My understanding of the definition of nCPA security is the following. Suppose that $E : \mathcal M \to \mathcal M$ is a permutation, ie $E(m) \neq E(m')$ for all $m \neq m'$. Suppose also that $\pi$ is a permutation chosen uniformly at random.

The adversary $A$ is then given an oracle, which is either $E$ or $\pi$ -- but she does not know which; her aim is to find out which one it is. She is allowed to ask $q$ queries of her oracle, and then must make her decision as to which she thinks it is. (This is non-adaptive, in the sense that she must decide in advance which questions to ask.)

The nCPA advantage of $A$ is then defined as $$ \bigl| P(A \text{ says } E \mid E) - P(A \text{ says } E \mid \pi) \bigr|.$$ (Note that this is the same as replacing "$\text{says } E$" by "$\text{says } \pi$", the probabilities sum to 1.) This part I may not be understanding correctly.

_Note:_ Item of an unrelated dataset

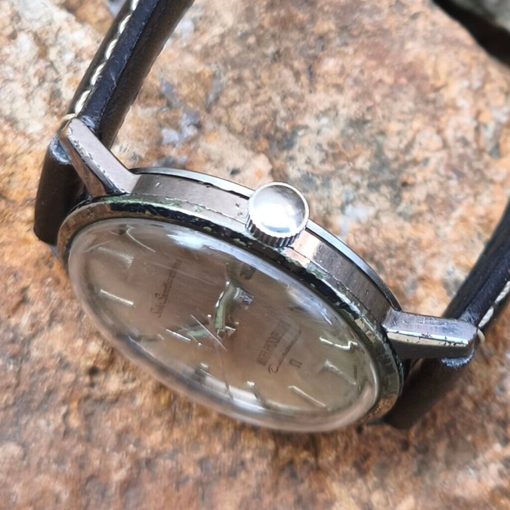 ケースのメッキ剥離、風防の劣化などはございますが、裏ブタの刻印はシッカリと残った個体となります。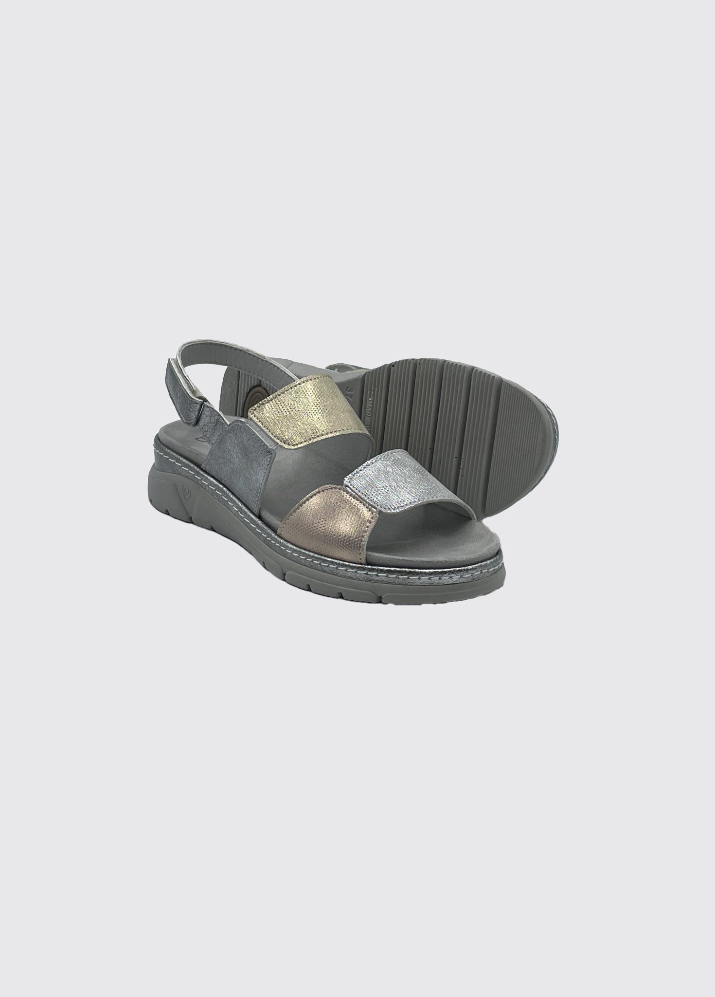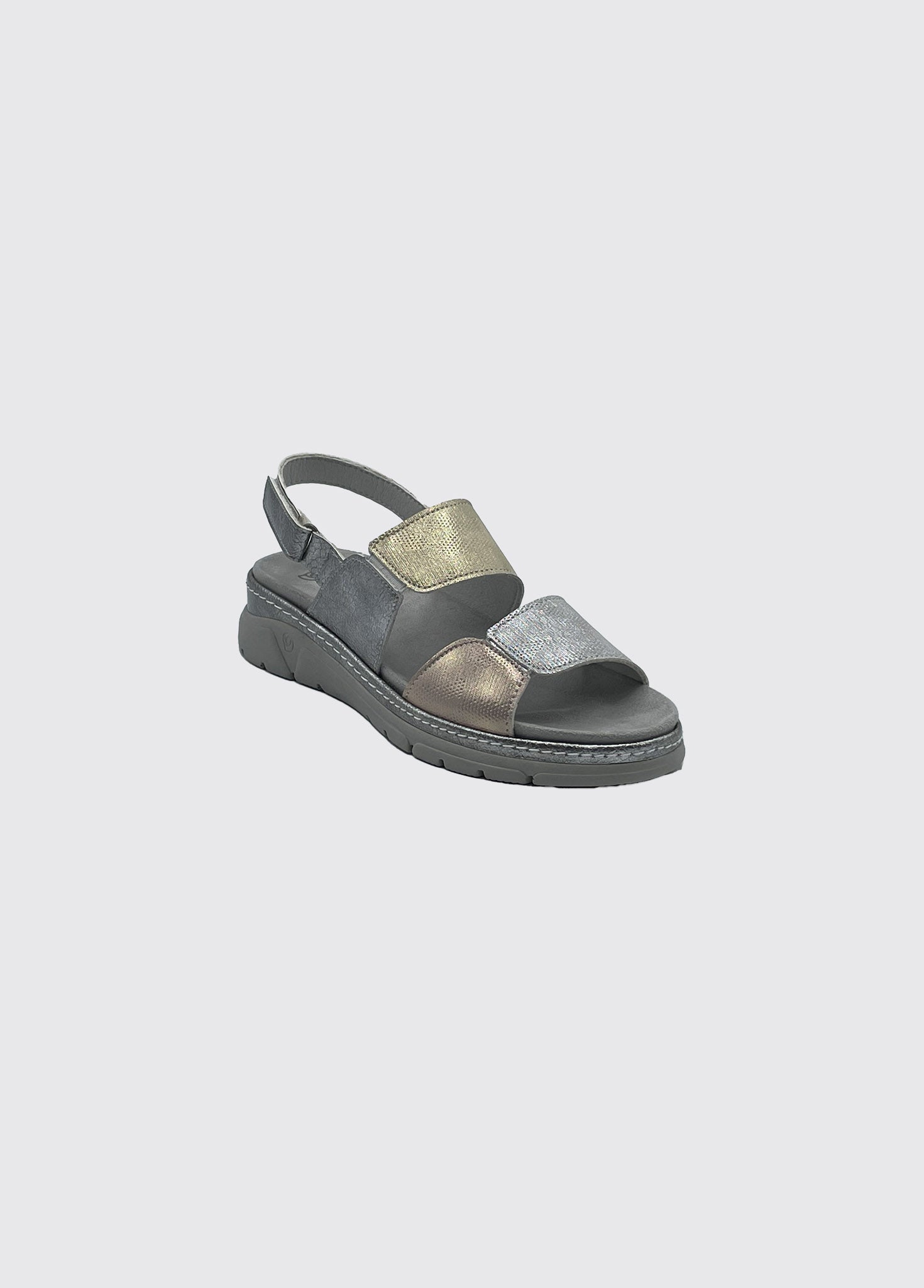 Sandal with buckle close for secure foot comfort. Comfortable comfort shoe.

For two distributions $\mu$ and $\nu$ on a space $\Omega$, the total variation distance is defined as $$ \| \mu - \nu \| = \max_{A \subseteq \Omega} \bigl\| \mu(A) - \nu(A) \bigr\|. $$

In a related paper "Morris, Rogaway, Stegers; How to Encipher Messages on a Small Domain", the authors say

Total variation distance is identical to the advantage with repsect to a (deterministic) nCPA (non-adaptive, chosen-plaintext attack).

I sort of see why this might be the case, but not exactly. (There is no proof given, just the statement.)


My main source of confusion, though, is the following. In both the aforementioned papers, an enciphering scheme is given. Let's consider the first paper, for concreteness. This requires random integers $K_1, ..., K_r$ from $\{1,...,N\}$ and random bits $\{b_{i,j} \mid i = 1,...,r, \, j = 1,...,N/2\}$. Here $r$ is order $\log N$.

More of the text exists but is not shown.